__WHAT YOU WILL DO__.
Print exactly the lines that run from the first line of the material to the line containing "Men Reiss Shirts", both ends included, and skip the pictures.

__DATA SHOWN__.
###
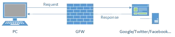 然后有一天,GFW 就出现了,他像一个收过路费的强盗一样夹在了在用户和服务之间,每当用户需要获取信息,都经过了 GFW,GFW将它不喜欢的内容统统过滤掉,于是客户当触发 GFW 的过滤规则的时候,就会收到Connection Reset这样的响应内容,而无法接收到正常的内容。
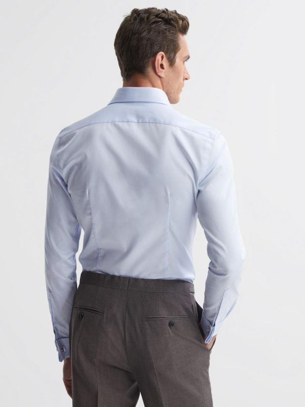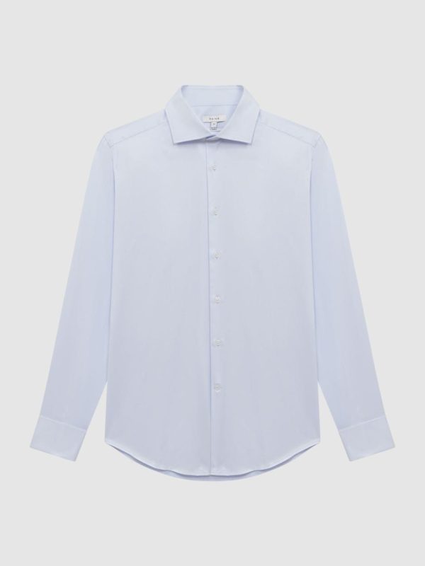 Men Reiss Shirts | Premote Slim Fit Cotton Cutaway Collar Shirt Soft Blue
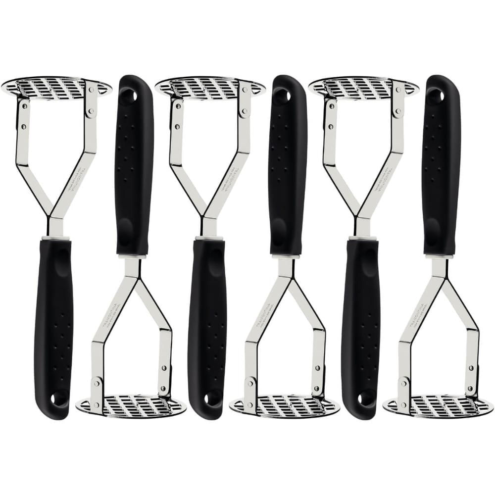 Garantia: 90 dias / Peso de cada: 110g / Cor: preto / Ref: 7794465436070; Dimensões de cada: 23,8cm (C) x 8,3cm (L) x 7,9cm (A); Materiais: aço inox e polipropileno (PP); Conteúdo: 6 amassadores de batatas.
###
__WRITTEN REPLY__.
 然后有一天,GFW 就出现了,他像一个收过路费的强盗一样夹在了在用户和服务之间,每当用户需要获取信息,都经过了 GFW,GFW将它不喜欢的内容统统过滤掉,于是客户当触发 GFW 的过滤规则的时候,就会收到Connection Reset这样的响应内容,而无法接收到正常的内容。
 Men Reiss Shirts | Premote Slim Fit Cotton Cutaway Collar Shirt Soft Blue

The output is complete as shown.